- Genre: Anthology series
- Country of origin: United States
- Original language: English
- No. of seasons: 1
- No. of episodes: 13

Production
- Running time: 30 minutes

Original release
- Network: NBC
- Release: July 6 – September 28, 1958

= Decision (TV series) =

American television anthology series

Decision is an American anthology television series that aired on NBC in 1958 as a summer replacement for The Loretta Young Show.

==Content and production==
Six episodes of Decision were repeats of episodes previously aired on other anthology series. The other seven episodes were unsold television pilots. Episodes starred William Bendix, Dennis Hopper, Richard Kiley, June Lockhart, Darren McGavin, Ray Milland, Barbara Stanwyck, Rod Steiger, and James Whitmore, among many others. Directors included Lamont Johnson, Lewis Allen, David Lowell Rich, and Fred Zinneman. The fifth episode, "Sudden Silence," was produced by Screen Gems.

Decision′s premiere episode was the pilot for a television adaptation of the Owen Wister novel The Virginian, starring James Drury. Although the pilot broadcast on Decision in 1958 went unsold, Drury later starred in a different and very successful television adaptation of Wister's novel, also titled The Virginian, which aired from 1962 to 1971.
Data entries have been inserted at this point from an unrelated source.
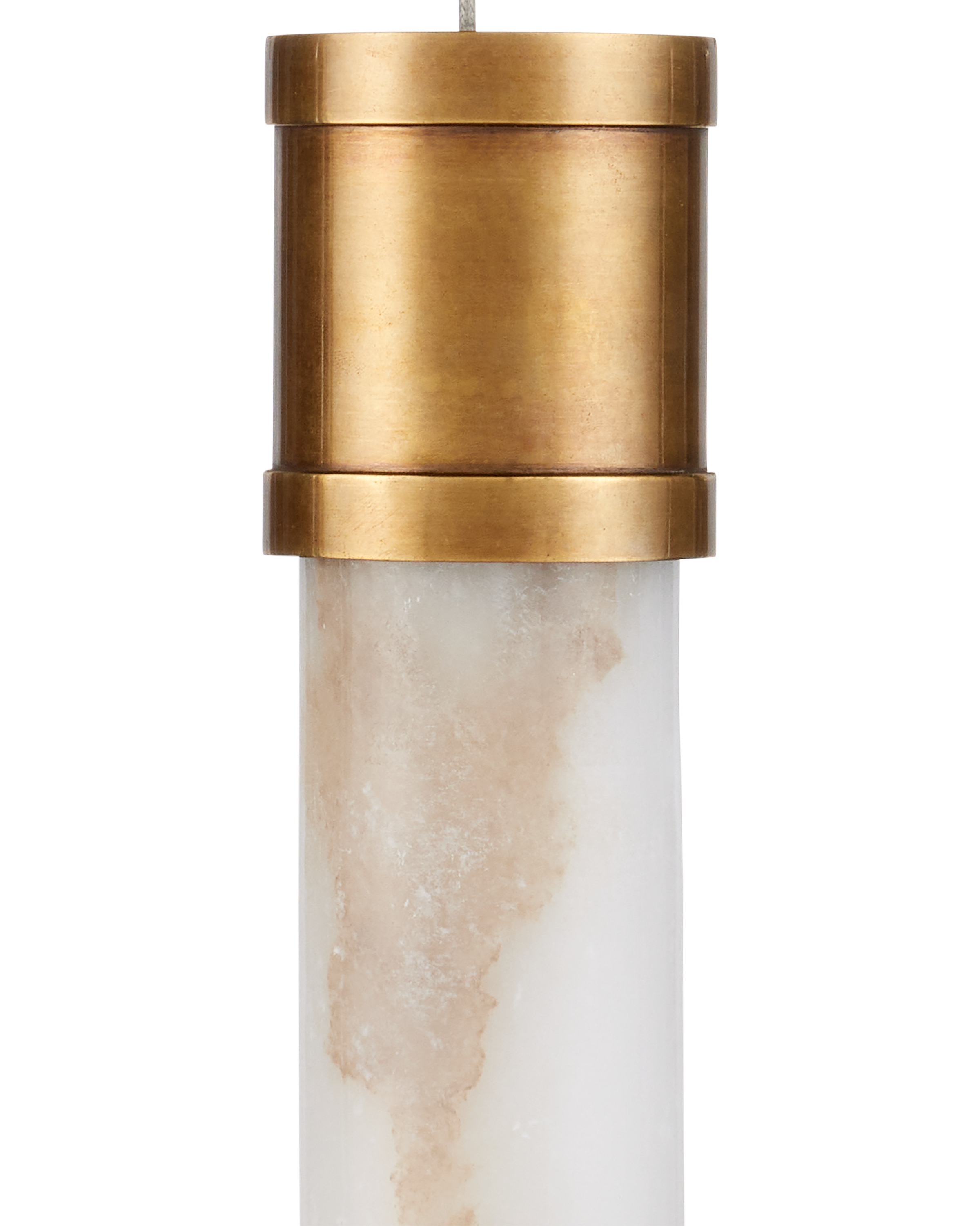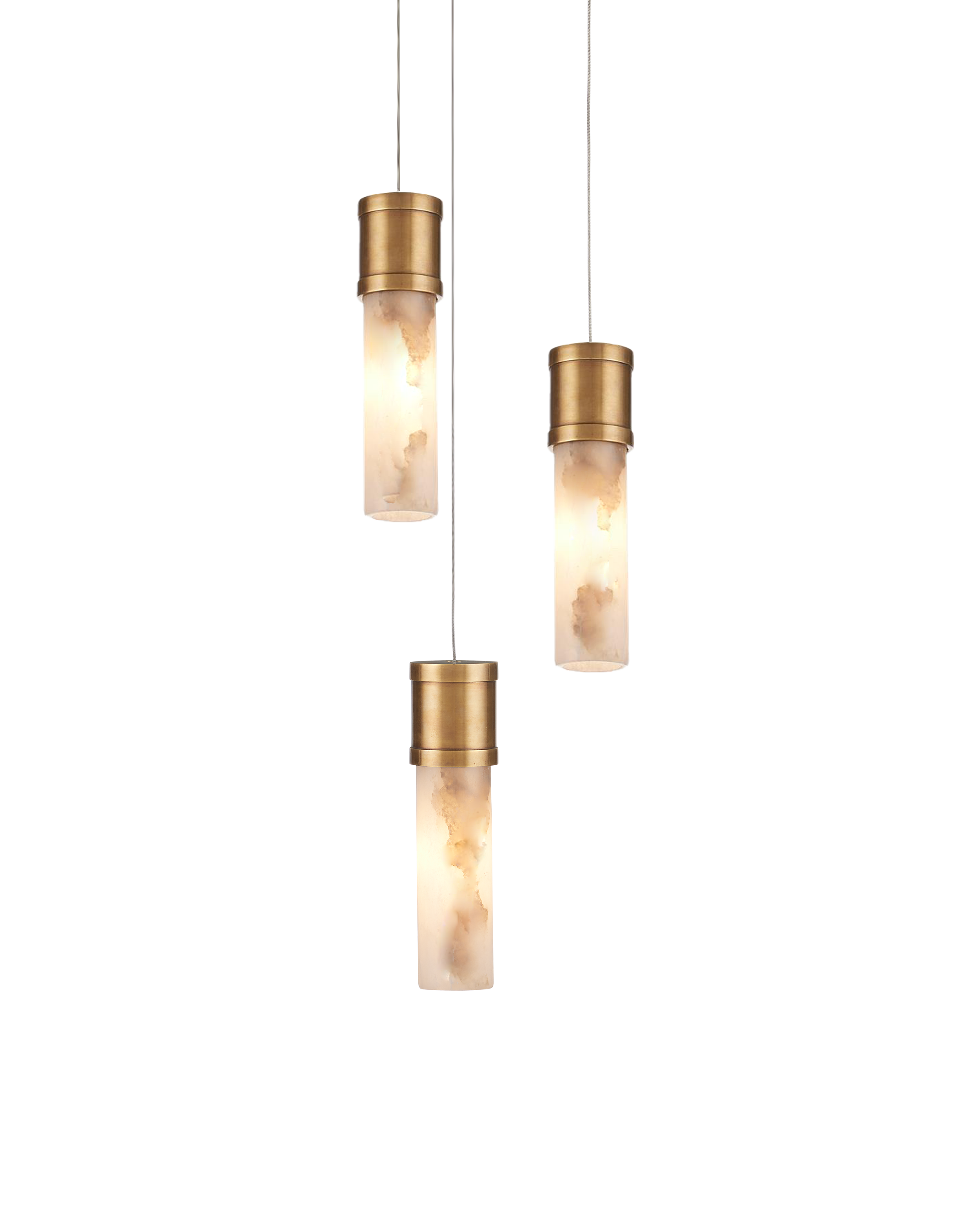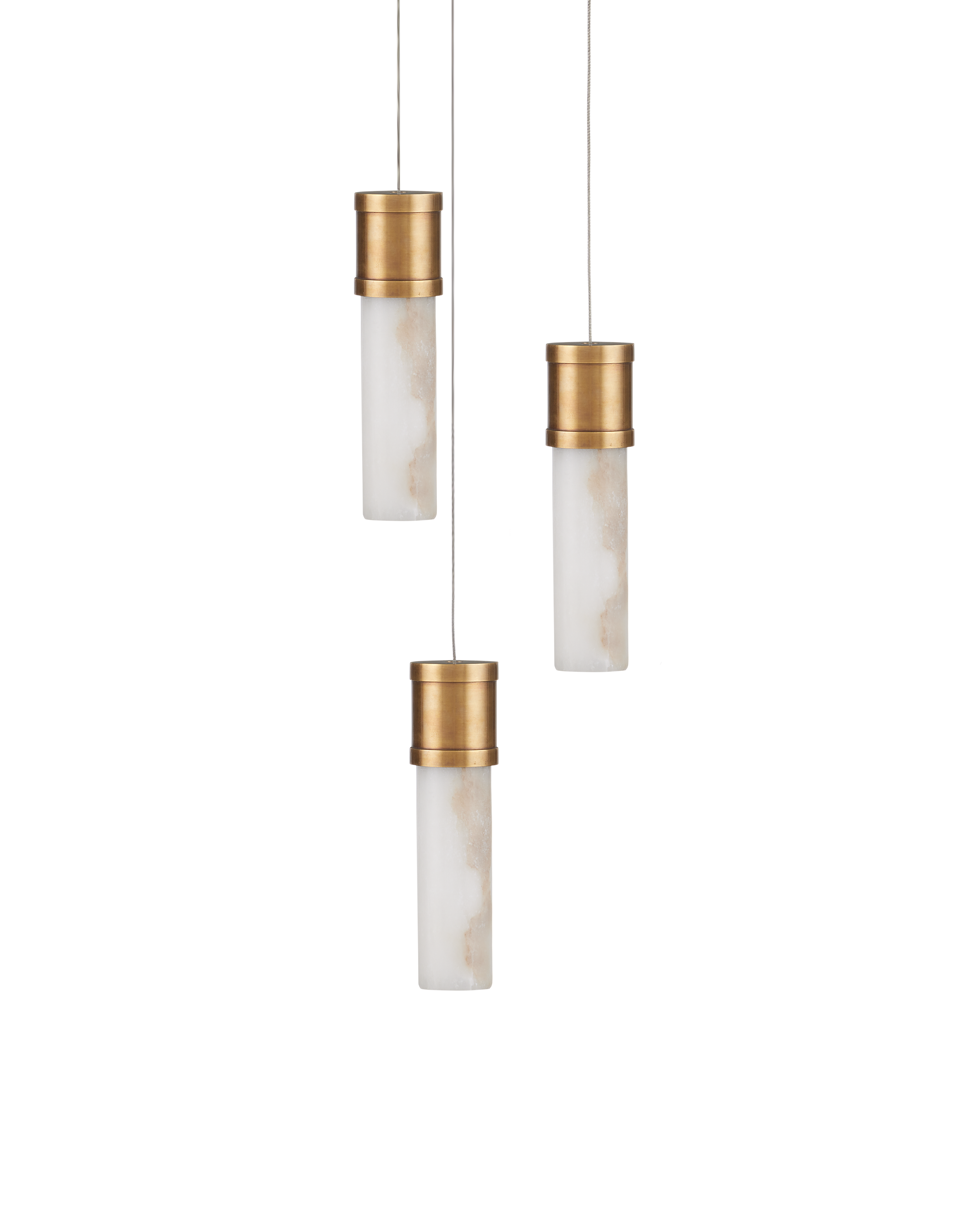 The Currey & Company Cannula 3-Light Round Multi-Drop Pendant has shades made of gold fittings that hold alabaster tubes.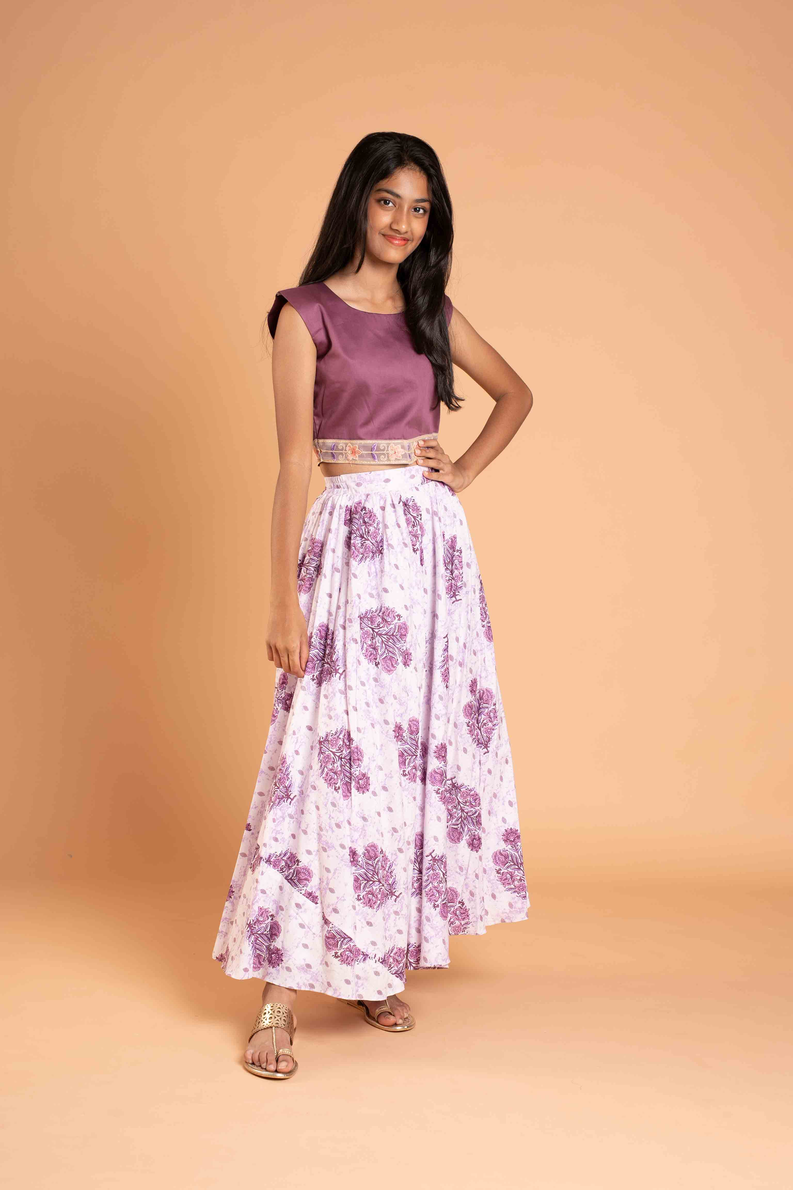 This is a two piece set with pattern cut crop top with lace detailing and flared Lehenga....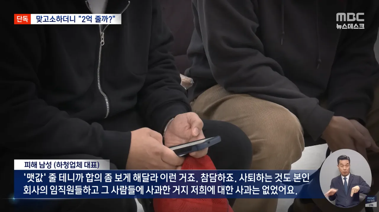 사람 개패듯이 패놓고.. 2억에 합의하자..
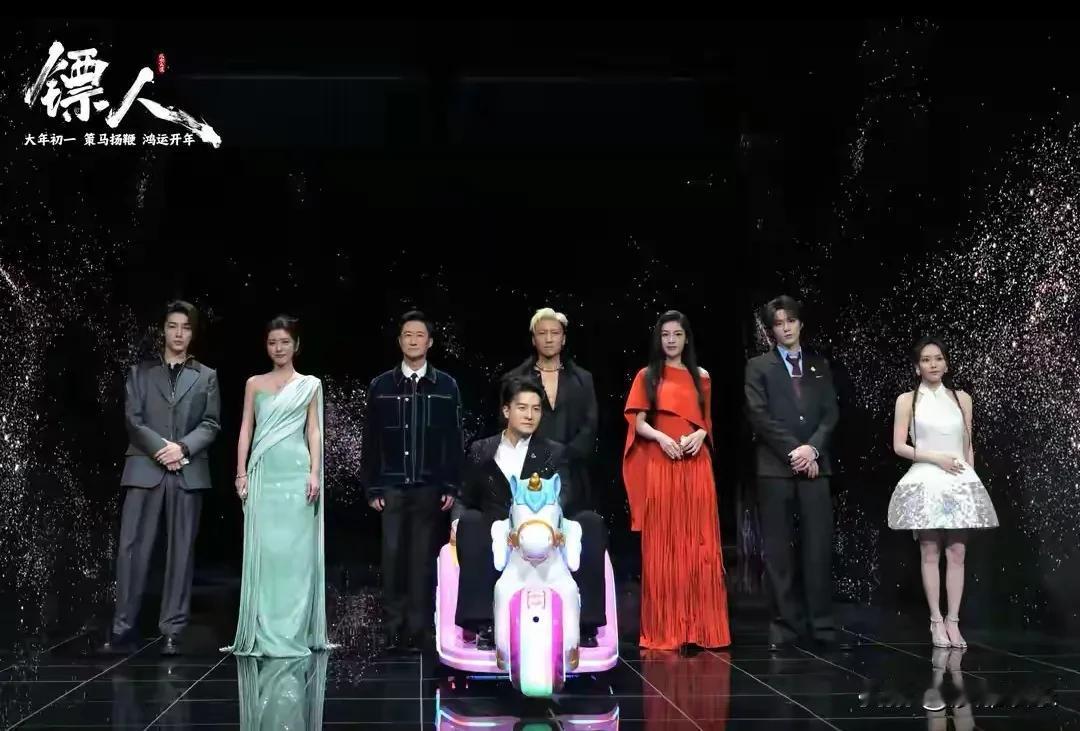 微博之夜红毯,《镖人》剧组一出现,那阵仗,绝了!导演袁和平带着吴京、谢霆锋、陈丽君等一大帮人,四代能打的站一块,这江湖气直接拉满。 最逗的是孙艺洲,人家都骑马走路,他坐着个发光的彩虹小马车就来了,全场笑翻。原来他在电影里演的就是个不爱骑马、非要坐车的“知世郎”,剧组连红毯都给他把“人设”焊死了,吴京说这是特意安排的。网友都说:行,这镖护得够到位! 这电影能拿下“微博最受期待春节档电影”,真不是瞎吹。看看这帮演员,个个都是“练家子”,武术冠军、戏曲名角、舞蹈高手全来了。为了拍戏,提前特训,在新疆大漠60度高温里真打真摔。谢霆锋说“我是看武侠电影长大的”,现在这群人,是要让我们再看一部新的武侠电影长大吗? 大年初一上映,看这架势,是打算让我们在电影院热血沸腾地过个年。这把“镖”,我期待了! 电影《镖人》剧组亮相微博之夜 《镖人》 吴京

Decision′s final episode, referred to both as "Man on a Raft" and "Three Men on a Raft," was an unsuccessful pilot for a proposed series to be named Michael Shayne, starring Mark Stevens as Michael Shayne. However, a 32-episode series named Michael Shayne starring Richard Denning in the title role aired during the 1960–1961 season.

==Broadcast history==
Decision was broadcast from 10:00 to 10:30 p.m. Eastern Time on Sundays. It premiered on July 6, 1958, and ran for 13 weeks. Its last broadcast was on September 28, 1958.

==Episodes==
SOURCES:

| No. | Title | Directed by | Written by | Original release date |
| 1 | "The Virginian" | Lamont Johnson | Leslie Stevens | July 6, 1958 |
Judge Henry asks a man known as "The Virginian" to investigate mysterious setbacks in his efforts to bring a railroad spur to his ranch. Only the ranch's cook, Dora, is helpful to the Virginian, whose investigation brings the judge's disgruntled son, the ranch foreman, and some of the ranch hands under suspicion. Starring James Drury, Andrew Duggan, Stephen Joyce, Robert Burton, Jeanette Nolan, Robert Gist, and Dan Blocker. An unsold pilot for a television adaptation of Owen Wister′s novel The Virginian; a different adaptation, also starring Drury, later led to the successful series The Virginian of 1962–1971.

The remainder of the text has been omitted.